### Task to complete
As the answer, give exactly the lines of the records below from the one with "Take applications from" through the one with "1-3: Typus? (vermutlich", ends included and pictures left out.

### Listed entries
= = = =
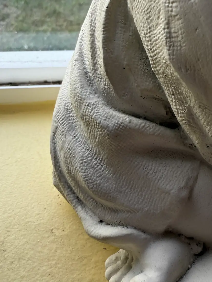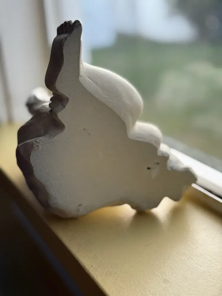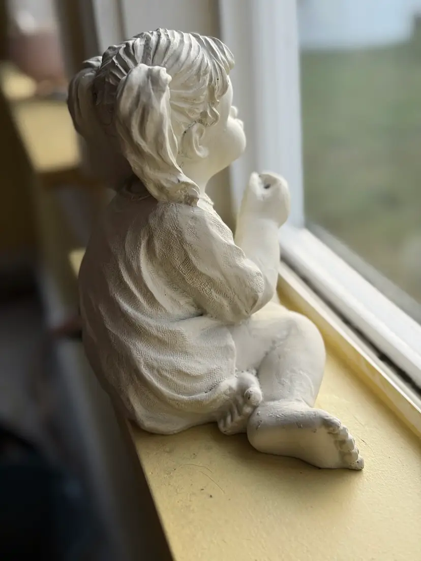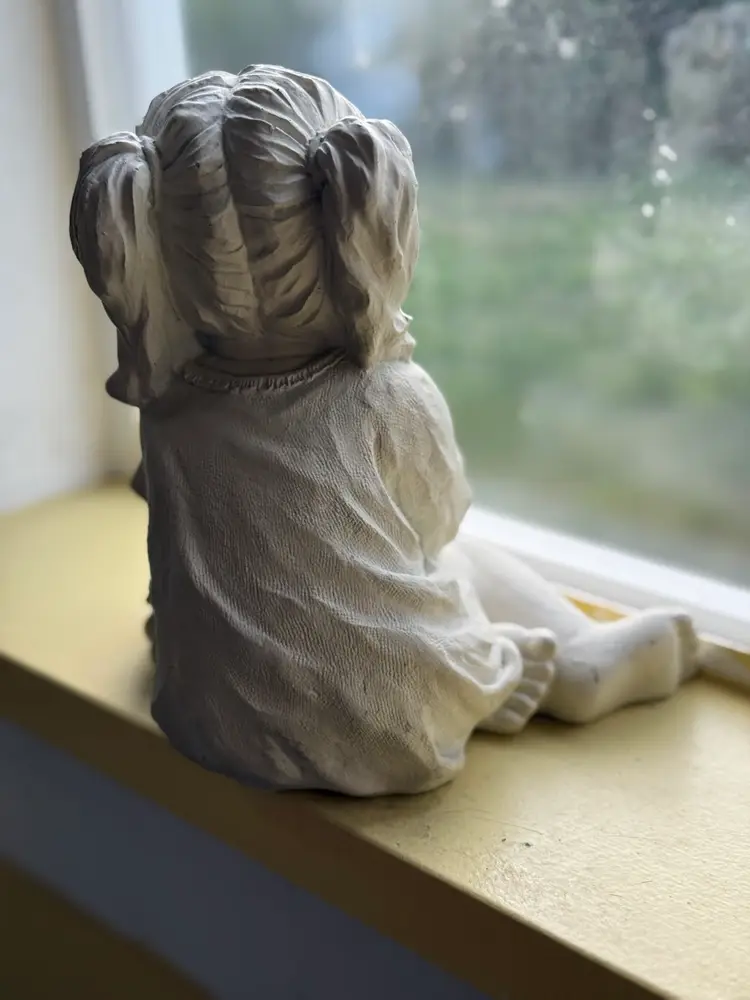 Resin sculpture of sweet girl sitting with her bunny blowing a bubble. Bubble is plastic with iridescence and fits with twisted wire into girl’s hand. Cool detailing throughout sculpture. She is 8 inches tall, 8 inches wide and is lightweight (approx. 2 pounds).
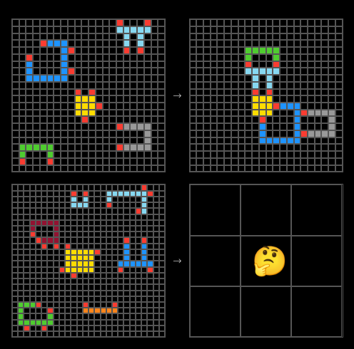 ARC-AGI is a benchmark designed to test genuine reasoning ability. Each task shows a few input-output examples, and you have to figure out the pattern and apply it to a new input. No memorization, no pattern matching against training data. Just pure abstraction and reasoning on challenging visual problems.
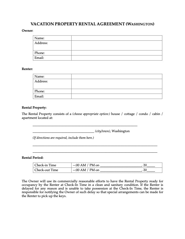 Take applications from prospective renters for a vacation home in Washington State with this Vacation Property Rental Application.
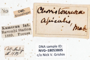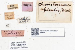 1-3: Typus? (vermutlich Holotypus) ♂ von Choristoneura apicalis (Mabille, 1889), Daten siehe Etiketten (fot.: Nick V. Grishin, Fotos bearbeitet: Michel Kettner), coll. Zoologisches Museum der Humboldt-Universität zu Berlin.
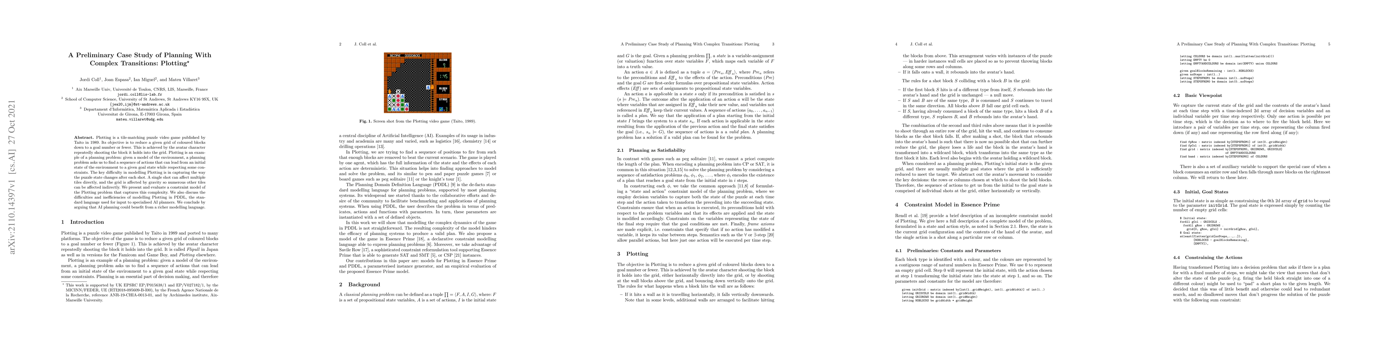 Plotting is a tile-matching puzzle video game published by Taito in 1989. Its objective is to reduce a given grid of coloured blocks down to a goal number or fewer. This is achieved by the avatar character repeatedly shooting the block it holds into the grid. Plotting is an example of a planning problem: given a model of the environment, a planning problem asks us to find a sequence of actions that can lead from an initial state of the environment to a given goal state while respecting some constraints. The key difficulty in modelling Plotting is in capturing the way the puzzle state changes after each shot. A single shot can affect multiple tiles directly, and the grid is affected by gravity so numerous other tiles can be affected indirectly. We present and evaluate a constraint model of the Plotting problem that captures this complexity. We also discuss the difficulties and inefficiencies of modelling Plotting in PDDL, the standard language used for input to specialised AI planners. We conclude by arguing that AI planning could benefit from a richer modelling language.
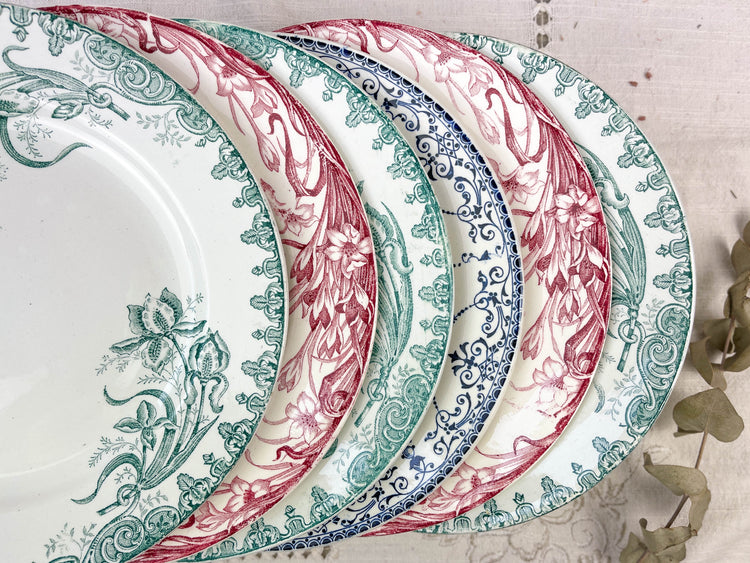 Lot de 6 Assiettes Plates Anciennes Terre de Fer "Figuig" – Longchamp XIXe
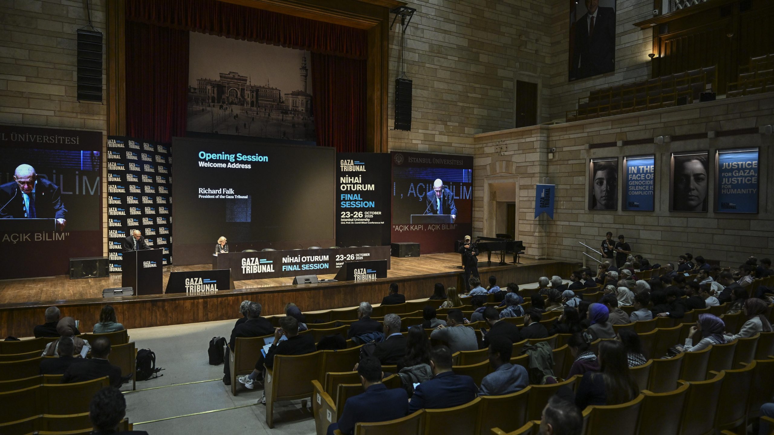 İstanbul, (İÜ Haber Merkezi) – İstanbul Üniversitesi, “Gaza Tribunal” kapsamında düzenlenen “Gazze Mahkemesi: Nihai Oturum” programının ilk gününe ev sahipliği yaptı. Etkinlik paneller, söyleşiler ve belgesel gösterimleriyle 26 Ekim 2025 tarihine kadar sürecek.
= = = =
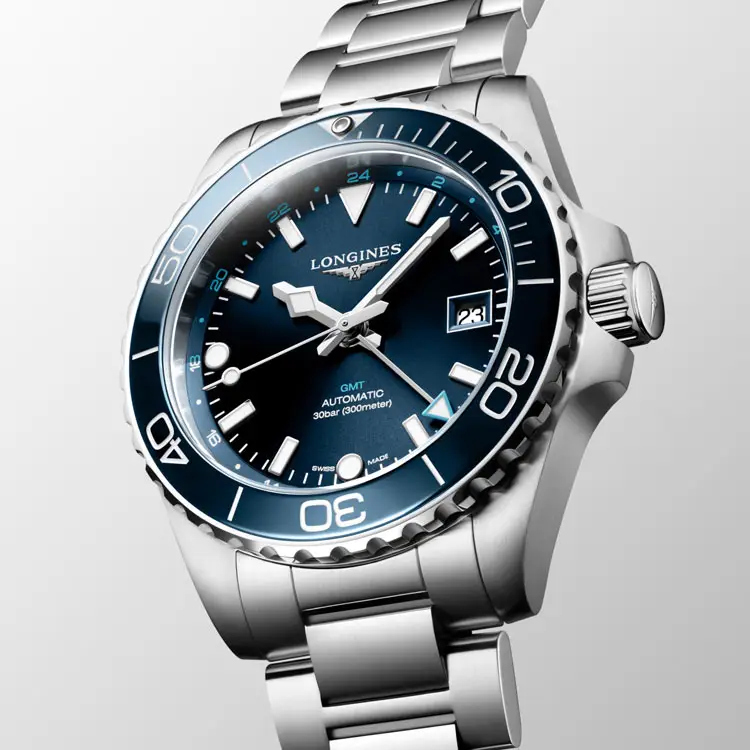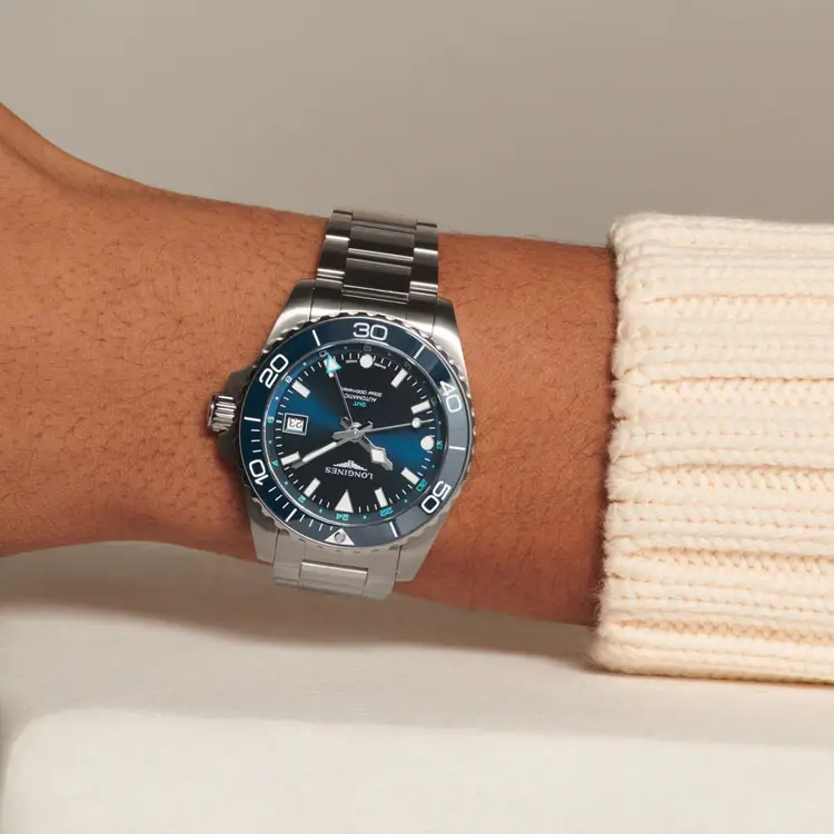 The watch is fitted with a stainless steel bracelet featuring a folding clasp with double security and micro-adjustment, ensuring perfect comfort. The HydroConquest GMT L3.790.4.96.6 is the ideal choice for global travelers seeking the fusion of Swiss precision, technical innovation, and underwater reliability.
= = = =
### Expected answer
 Take applications from prospective renters for a vacation home in Washington State with this Vacation Property Rental Application.
 1-3: Typus? (vermutlich Holotypus) ♂ von Choristoneura apicalis (Mabille, 1889), Daten siehe Etiketten (fot.: Nick V. Grishin, Fotos bearbeitet: Michel Kettner), coll. Zoologisches Museum der Humboldt-Universität zu Berlin.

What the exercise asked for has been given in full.